In the next five years, Fiera Capital Corp. should be able to double in size, according to the asset manager's founder.

The country's third-largest independent investment manager has been building its business in the U.S. in the last couple of years, and now has about $100-billion in assets under management. The goal is to have $200-billion in hand by 2020, says Jean-Guy Desjardins, chief executive officer of Fiera. That's the size that North American investment managers will have to be to be to survive industry pressures and still exist in 25 years he said.

To reach that target, Mr. Desjardins said the company will acquire more institutional asset managers in the U.S., looking for niche players with specialized investment expertise that are struggling under the weight of increased regulatory and other costs, or that are looking to expand their business in new segments.

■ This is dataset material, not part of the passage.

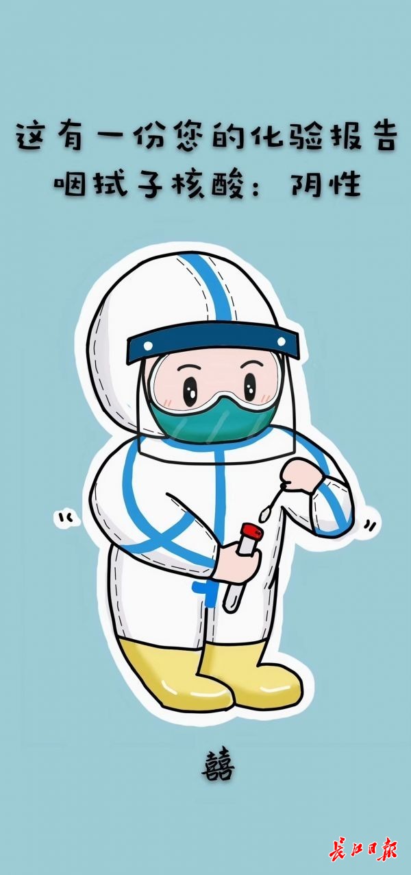 随后,曾妍又在上述9幅漫画的基础上作了改进,并组合成一幅长图,新添了黄鹤楼、鹦鹉洲、武大樱花和周黑鸭等武汉元素。在这组漫画上,曾妍表达了自己的心愿:“等你们都好起来,我也好想在武汉街头吃一碗正宗的武汉热干面!”

He's also counting on organic growth.

Since ramping up for a U.S. expansion two years ago, Fiera has already acquired three U.S. asset managers and now has $20-billion in assets in the country. The U.S. accounts for more than 20 per cent of Fiera's revenue, though, since the firm can charge higher fees in the less competitive U.S. market.

Fiera is also keeping an eye out for funds that specialize in emerging-markets equities – a hole Mr. Desjardins wants to fill with an acquisition soon, while global capital is flowing away from these regions. "We're putting quite a bit of effort into trying to identify one," he said at a lunch event with brokers on Monday. "When they're going through hard times they tend to be more open to selling, merging or getting married to someone else," Mr. Desjardins said of the prospects.

And then there's alternative fixed income, a diverse group of strategies that includes leveraged loans and private debt. Fiera has brought aboard an employee to take a hard look at the 360 U.S. players that offer such investments. The goal is to determine how Fiera should best operate in the market, such as hiring new professionals or possibly acquiring some companies that specialize in this area.

Mr. Desjardins said Fiera has already had some success in its home market of Quebec, providing floating-rate loans in the construction industry as banks have moved out of the market.

"We were looking for alternative fixed-income strategies for our clients in order to generate more yield without necessarily taking more risks, like high-yield bonds," he said. Right now, the company has about 12 per cent of its assets invested in alternative fixed income, including real estate.

In the meantime, Fiera's next move will be to shift its portfolio toward investments in Canadian equities, away from U.S. equities, with an expectation that oil prices and the Canadian dollar are poised to climb. "We think the Canadian stock market will meaningfully outperform the U.S. stock market in the next 12 to 18 months," Mr. Desjardins said.